▶ Instructions for the task: Without changing a word, repeat the data, and include no pictures.

+++

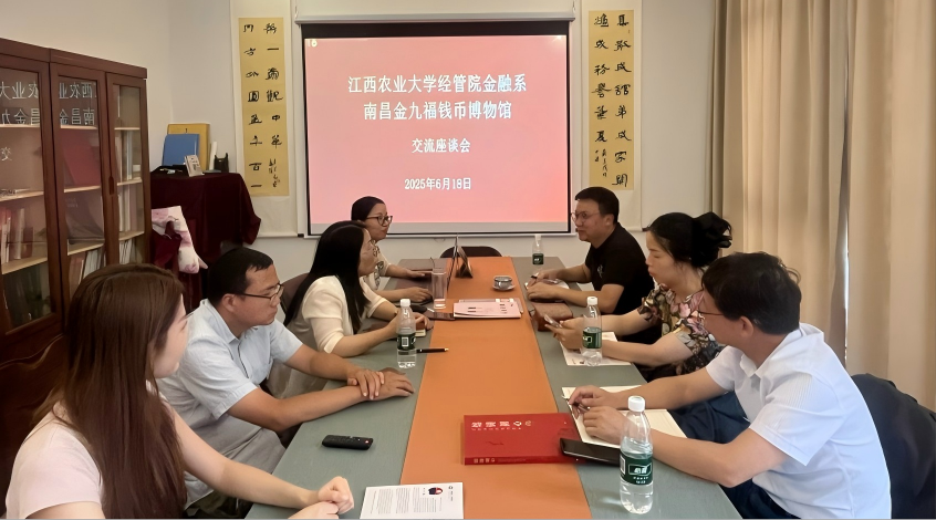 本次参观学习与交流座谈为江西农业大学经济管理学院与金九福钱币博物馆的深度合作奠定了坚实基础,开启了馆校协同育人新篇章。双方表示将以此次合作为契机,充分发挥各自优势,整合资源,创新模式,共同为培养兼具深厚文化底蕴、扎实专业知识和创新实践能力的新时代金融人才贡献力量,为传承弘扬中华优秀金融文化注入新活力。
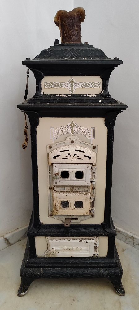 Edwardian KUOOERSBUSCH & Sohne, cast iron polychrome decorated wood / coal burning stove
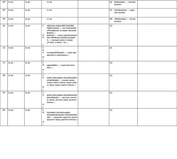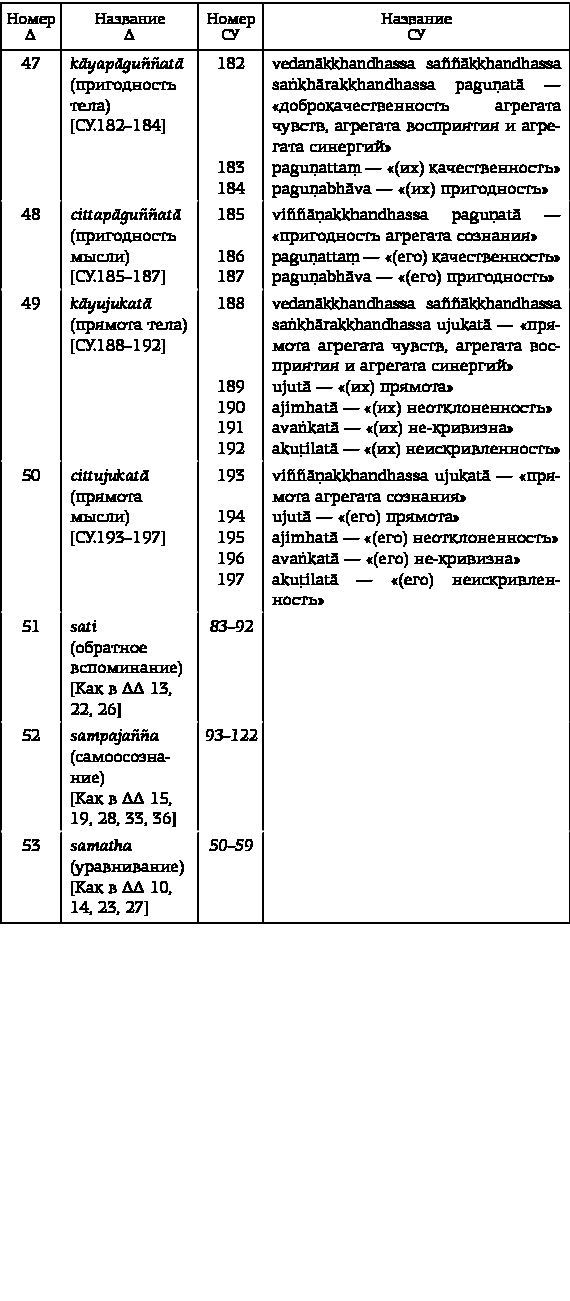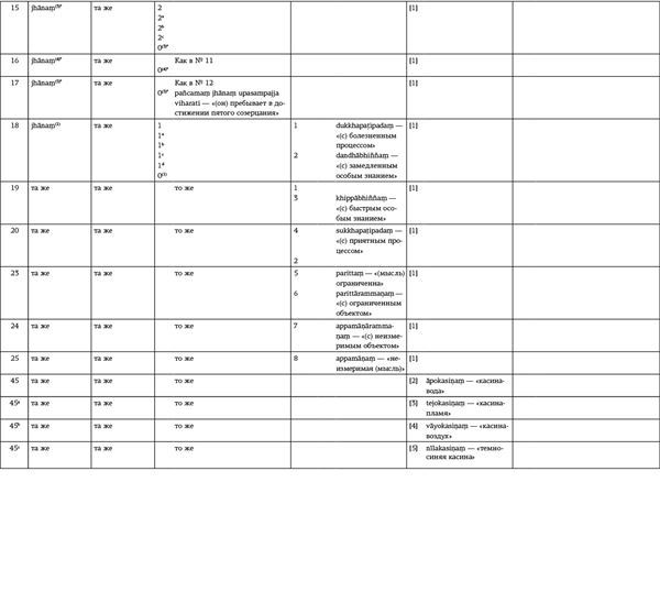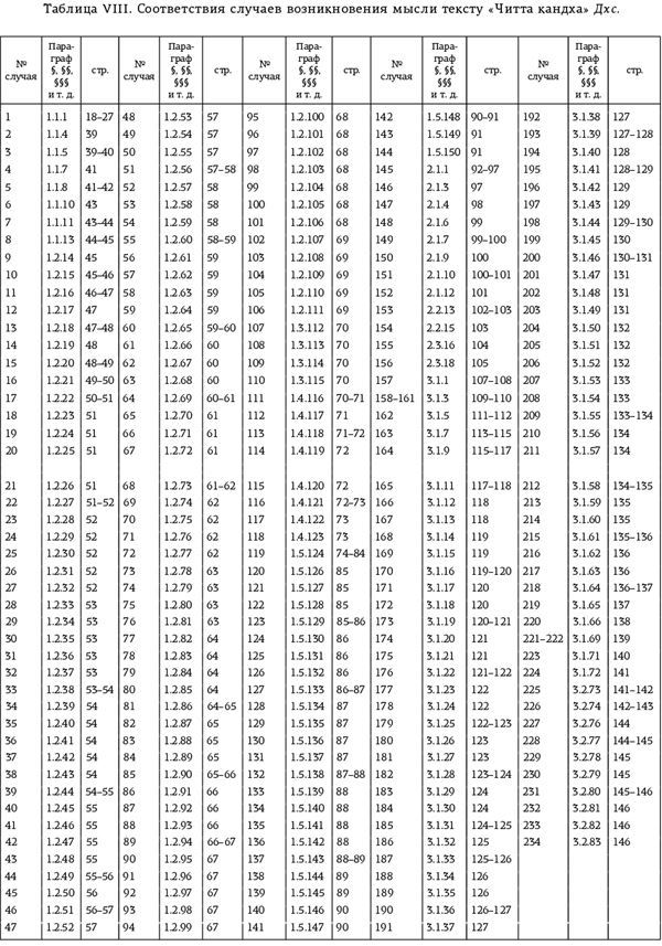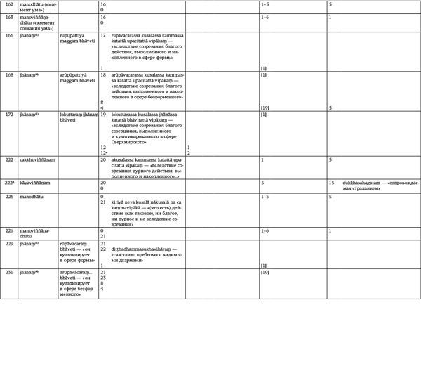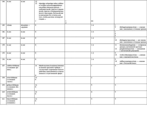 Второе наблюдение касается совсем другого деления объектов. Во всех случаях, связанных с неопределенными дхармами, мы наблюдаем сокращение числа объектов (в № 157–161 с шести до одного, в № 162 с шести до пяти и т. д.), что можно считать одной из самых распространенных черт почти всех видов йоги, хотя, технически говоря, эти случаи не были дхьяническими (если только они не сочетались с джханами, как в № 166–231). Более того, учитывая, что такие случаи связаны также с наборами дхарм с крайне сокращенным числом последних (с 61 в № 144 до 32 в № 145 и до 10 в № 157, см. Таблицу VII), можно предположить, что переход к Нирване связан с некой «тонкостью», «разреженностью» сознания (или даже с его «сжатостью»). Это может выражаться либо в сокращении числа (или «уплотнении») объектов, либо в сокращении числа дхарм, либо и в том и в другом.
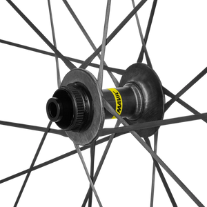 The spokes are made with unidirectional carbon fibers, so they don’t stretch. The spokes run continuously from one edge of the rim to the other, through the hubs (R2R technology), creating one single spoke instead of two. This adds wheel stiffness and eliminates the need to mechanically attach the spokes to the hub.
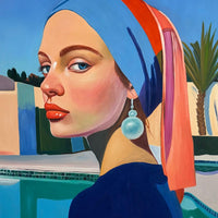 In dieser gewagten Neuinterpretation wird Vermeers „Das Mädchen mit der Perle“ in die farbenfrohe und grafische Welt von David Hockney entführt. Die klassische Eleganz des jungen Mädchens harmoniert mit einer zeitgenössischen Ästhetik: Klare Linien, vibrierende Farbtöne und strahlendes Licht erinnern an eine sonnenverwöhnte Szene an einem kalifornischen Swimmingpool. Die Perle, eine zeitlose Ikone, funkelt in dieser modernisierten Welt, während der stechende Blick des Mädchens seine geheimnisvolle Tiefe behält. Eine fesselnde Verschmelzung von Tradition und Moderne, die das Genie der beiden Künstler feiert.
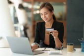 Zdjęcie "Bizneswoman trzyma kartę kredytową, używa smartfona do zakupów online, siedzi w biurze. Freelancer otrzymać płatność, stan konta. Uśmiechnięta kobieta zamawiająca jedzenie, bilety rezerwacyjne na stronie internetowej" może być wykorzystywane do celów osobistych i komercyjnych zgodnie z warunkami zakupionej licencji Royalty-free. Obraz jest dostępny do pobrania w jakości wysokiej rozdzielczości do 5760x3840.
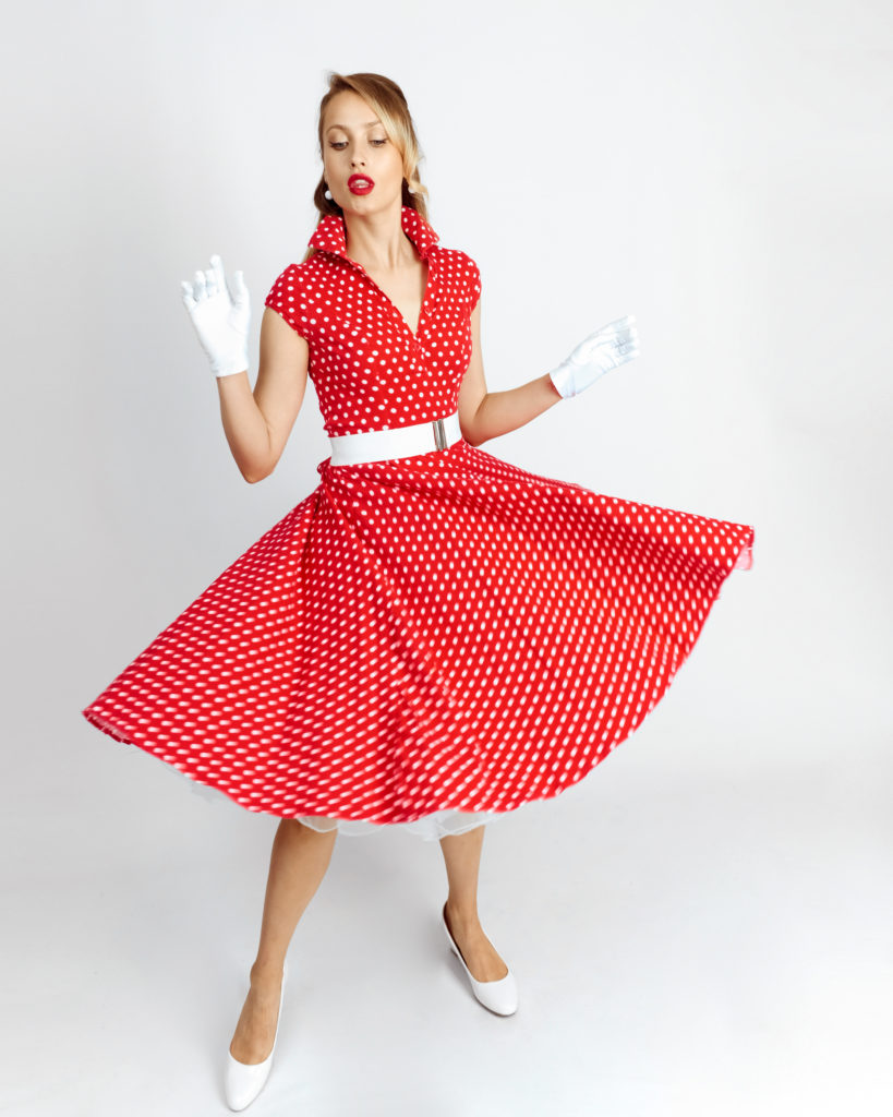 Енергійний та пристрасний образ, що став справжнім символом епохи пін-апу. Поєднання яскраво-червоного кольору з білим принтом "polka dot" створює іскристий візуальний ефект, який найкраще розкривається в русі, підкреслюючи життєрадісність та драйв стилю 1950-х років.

+++

▶ Problem solution:
 本次参观学习与交流座谈为江西农业大学经济管理学院与金九福钱币博物馆的深度合作奠定了坚实基础,开启了馆校协同育人新篇章。双方表示将以此次合作为契机,充分发挥各自优势,整合资源,创新模式,共同为培养兼具深厚文化底蕴、扎实专业知识和创新实践能力的新时代金融人才贡献力量,为传承弘扬中华优秀金融文化注入新活力。
 Edwardian KUOOERSBUSCH & Sohne, cast iron polychrome decorated wood / coal burning stove
 Второе наблюдение касается совсем другого деления объектов. Во всех случаях, связанных с неопределенными дхармами, мы наблюдаем сокращение числа объектов (в № 157–161 с шести до одного, в № 162 с шести до пяти и т. д.), что можно считать одной из самых распространенных черт почти всех видов йоги, хотя, технически говоря, эти случаи не были дхьяническими (если только они не сочетались с джханами, как в № 166–231). Более того, учитывая, что такие случаи связаны также с наборами дхарм с крайне сокращенным числом последних (с 61 в № 144 до 32 в № 145 и до 10 в № 157, см. Таблицу VII), можно предположить, что переход к Нирване связан с некой «тонкостью», «разреженностью» сознания (или даже с его «сжатостью»). Это может выражаться либо в сокращении числа (или «уплотнении») объектов, либо в сокращении числа дхарм, либо и в том и в другом.
 The spokes are made with unidirectional carbon fibers, so they don’t stretch. The spokes run continuously from one edge of the rim to the other, through the hubs (R2R technology), creating one single spoke instead of two. This adds wheel stiffness and eliminates the need to mechanically attach the spokes to the hub.
 In dieser gewagten Neuinterpretation wird Vermeers „Das Mädchen mit der Perle“ in die farbenfrohe und grafische Welt von David Hockney entführt. Die klassische Eleganz des jungen Mädchens harmoniert mit einer zeitgenössischen Ästhetik: Klare Linien, vibrierende Farbtöne und strahlendes Licht erinnern an eine sonnenverwöhnte Szene an einem kalifornischen Swimmingpool. Die Perle, eine zeitlose Ikone, funkelt in dieser modernisierten Welt, während der stechende Blick des Mädchens seine geheimnisvolle Tiefe behält. Eine fesselnde Verschmelzung von Tradition und Moderne, die das Genie der beiden Künstler feiert.
 Zdjęcie "Bizneswoman trzyma kartę kredytową, używa smartfona do zakupów online, siedzi w biurze. Freelancer otrzymać płatność, stan konta. Uśmiechnięta kobieta zamawiająca jedzenie, bilety rezerwacyjne na stronie internetowej" może być wykorzystywane do celów osobistych i komercyjnych zgodnie z warunkami zakupionej licencji Royalty-free. Obraz jest dostępny do pobrania w jakości wysokiej rozdzielczości do 5760x3840.
 Енергійний та пристрасний образ, що став справжнім символом епохи пін-апу. Поєднання яскраво-червоного кольору з білим принтом "polka dot" створює іскристий візуальний ефект, який найкраще розкривається в русі, підкреслюючи життєрадісність та драйв стилю 1950-х років.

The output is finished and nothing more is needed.